=== Section Start ===

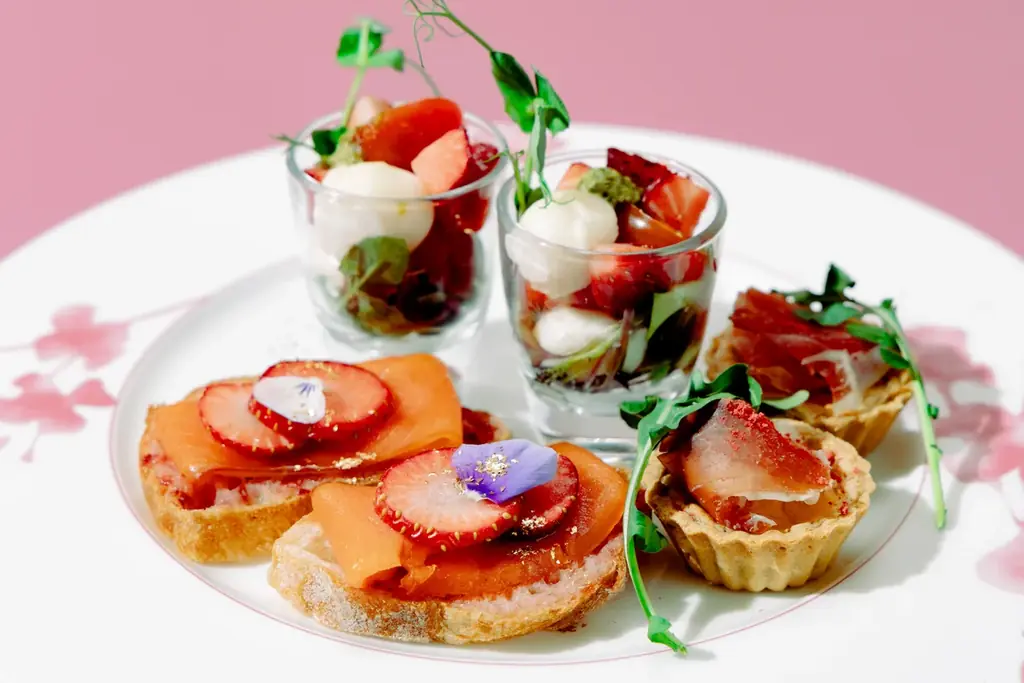 - ・カプレーゼやブルスケッタにいちごを使用し、チーズやサーモンと甘酸っぱさのハーモニーを演出
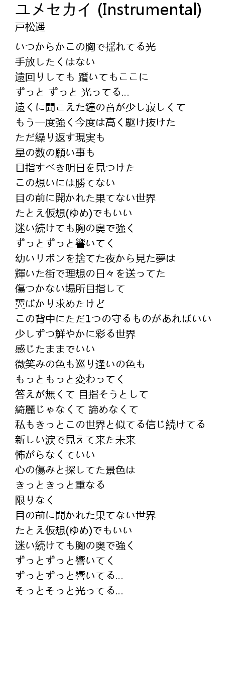 | 私もきっとこの世界と似てる信じ続けてる | |
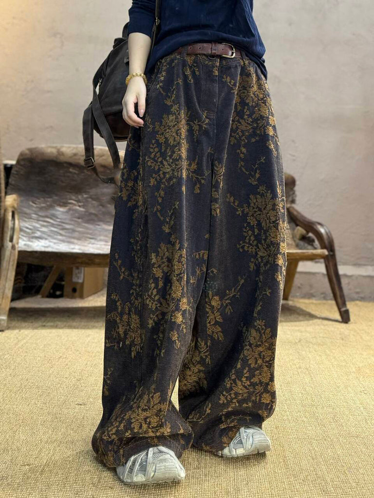 Women Autumn Retro Flower 100%Cotton Wide-leg Pants
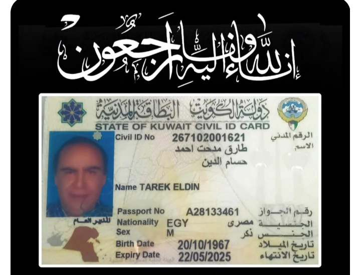 مواطن مصري بالكويت، يدعى الحاج/ طارق مدحت أحمد حسام الدين، تعرض منذ يومين لحادث أليم أدى إلى وفاته، وقام رجال مخفر مبارك الكبير بالانتقال إلى موقع الحادث وكشف ملابساته، وكثفوا البحث عن أقارب المواطن المصري فقيد الغربة وذلك عن طريق الإعلان عن الحادث ومحاولة الاستدلال عن أية معلومات عن عائلته أو ذويه، واكتشفوا أن الفقيد ليس له أقارب بدولة الكويت.
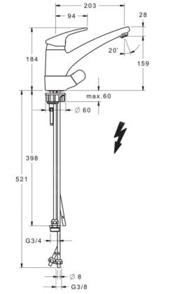 La planche à découper en composite avec placage de frêne en option ne peut être placée sur le bord de l’évier que si le diamètre du robinet de cuisine est inférieur à 48 mm.
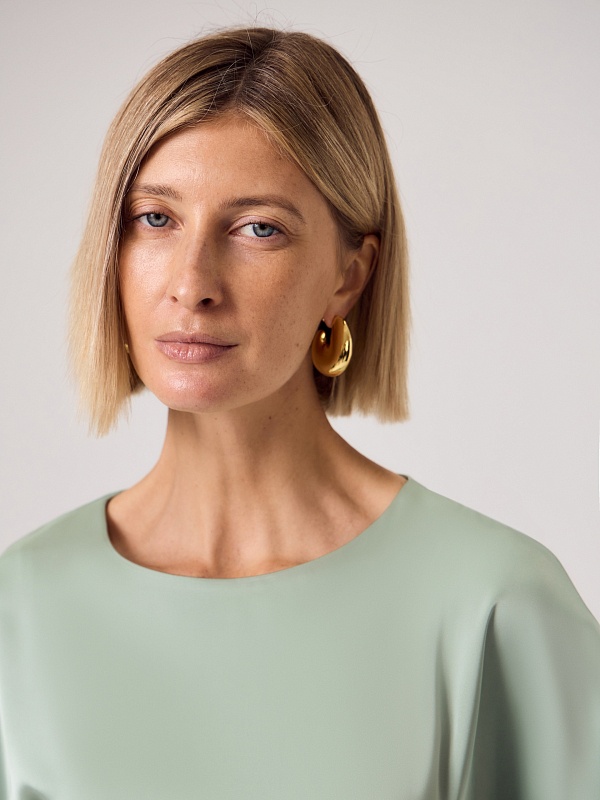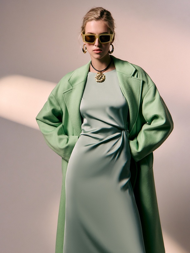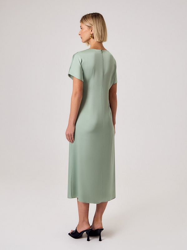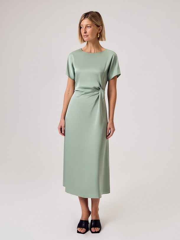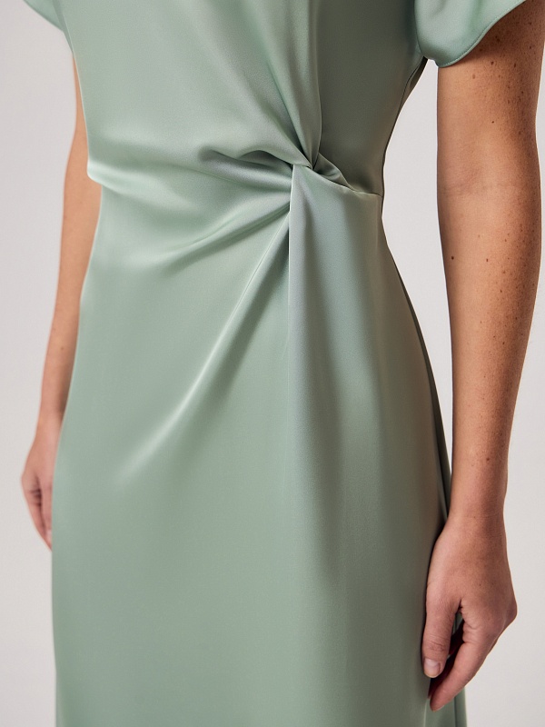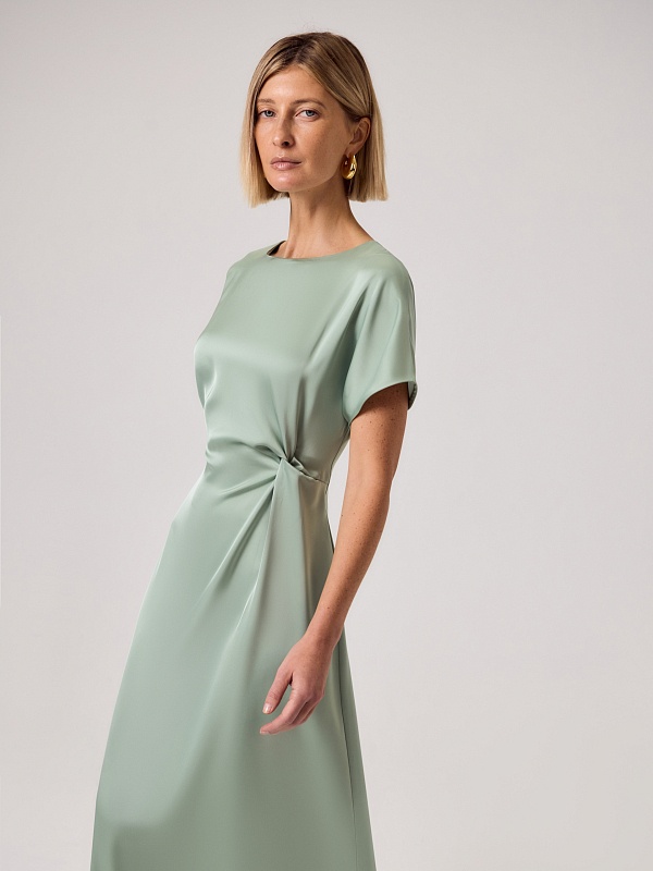 Полуприлегающее платье-миди из атласной ткани светло-зеленого цвета с круглой горловиной и спущенным плечом. На талии трендовый узел. Юбка по низу имеет расклешение и формирует мягкие складки.
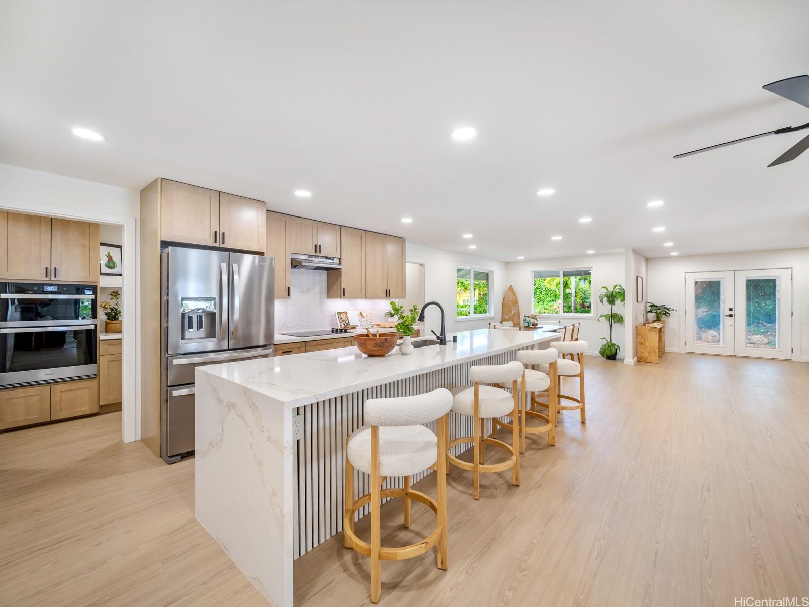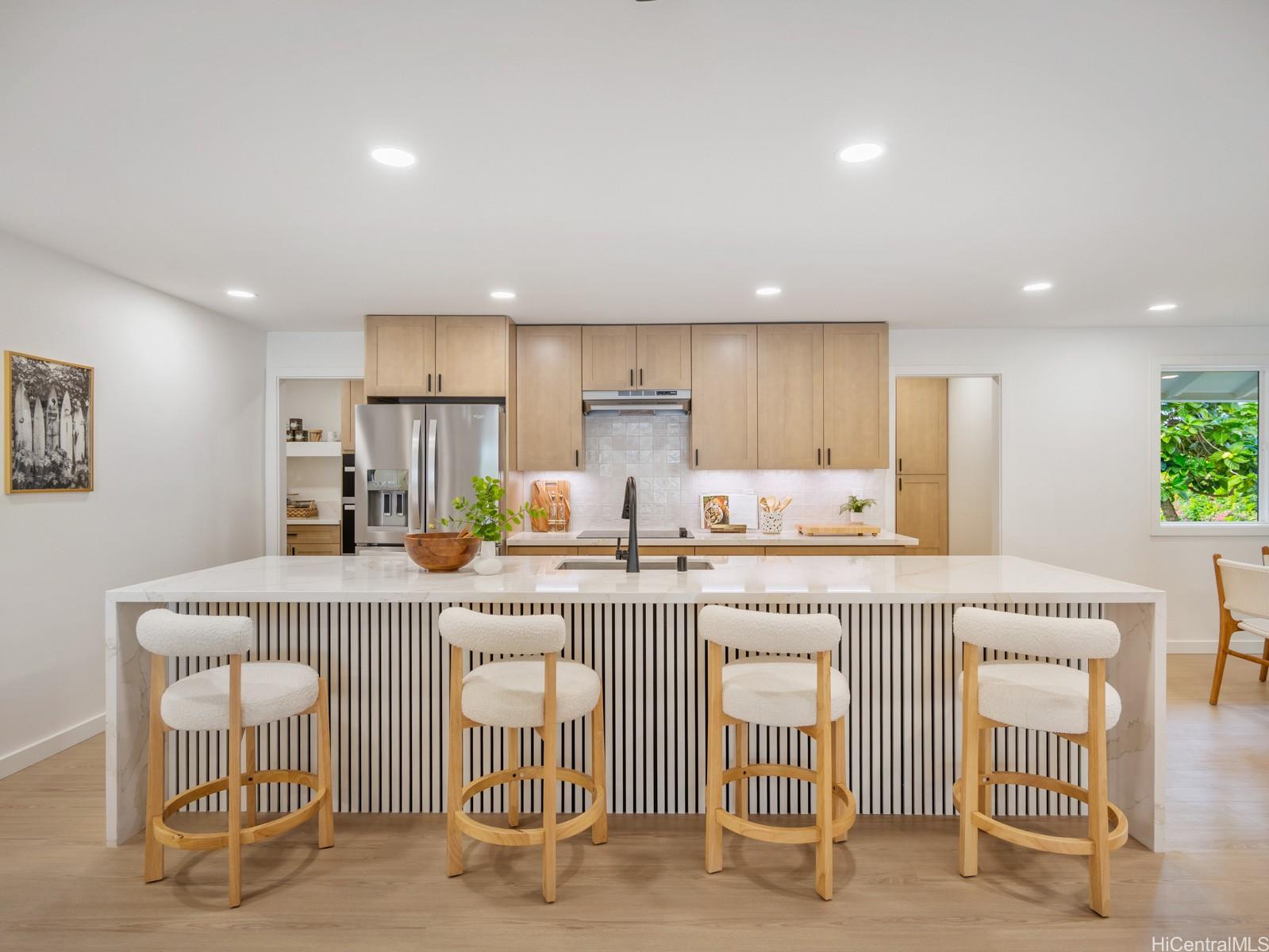 Thoughtfully redesigned for modern island living, this fully remodeled Haleiwa residence offers space, quality, and exceptional versatility on an oversized lot. Completed in 2025, the main residence features a spacious interior with wide-plank flooring, recessed lighting, split AC, and access to a generous lanai and yard for seamless indoor-outdoor living.The chef’s kitchen is a true centerpiece with quartz counters, a waterfall island, custom light-wood cabinetry & a stainless steel appliance suite. A standout feature is a rarely found butler’s pantry featuring dedicated prep space and double ovens. Two bedrooms, including the primary suite, feature en suite bathrooms. The primary retreat includes a walk-in closet and spa-style bath with double vanity and walk-in shower.The attached one-bedroom unit is complete with a full kitchen, bathroom, laundry, and a private lanai, making it perfectly suited for rental income, extended family, or guests. Set on an expansive lot with parking for 4+ vehicles, this home is designed for easy living, entertaining, and multi-generational flexibility. An invitation to experience where everyday living and long-term value come together.

=== Section End ===

* **Task description**: Everything from the opening line of the data through the line with "La planche à" should be repeated exactly; leave the pictures out.

* **Exercise solution**:
 - ・カプレーゼやブルスケッタにいちごを使用し、チーズやサーモンと甘酸っぱさのハーモニーを演出
 | 私もきっとこの世界と似てる信じ続けてる | |
 Women Autumn Retro Flower 100%Cotton Wide-leg Pants
 مواطن مصري بالكويت، يدعى الحاج/ طارق مدحت أحمد حسام الدين، تعرض منذ يومين لحادث أليم أدى إلى وفاته، وقام رجال مخفر مبارك الكبير بالانتقال إلى موقع الحادث وكشف ملابساته، وكثفوا البحث عن أقارب المواطن المصري فقيد الغربة وذلك عن طريق الإعلان عن الحادث ومحاولة الاستدلال عن أية معلومات عن عائلته أو ذويه، واكتشفوا أن الفقيد ليس له أقارب بدولة الكويت.
 La planche à découper en composite avec placage de frêne en option ne peut être placée sur le bord de l’évier que si le diamètre du robinet de cuisine est inférieur à 48 mm.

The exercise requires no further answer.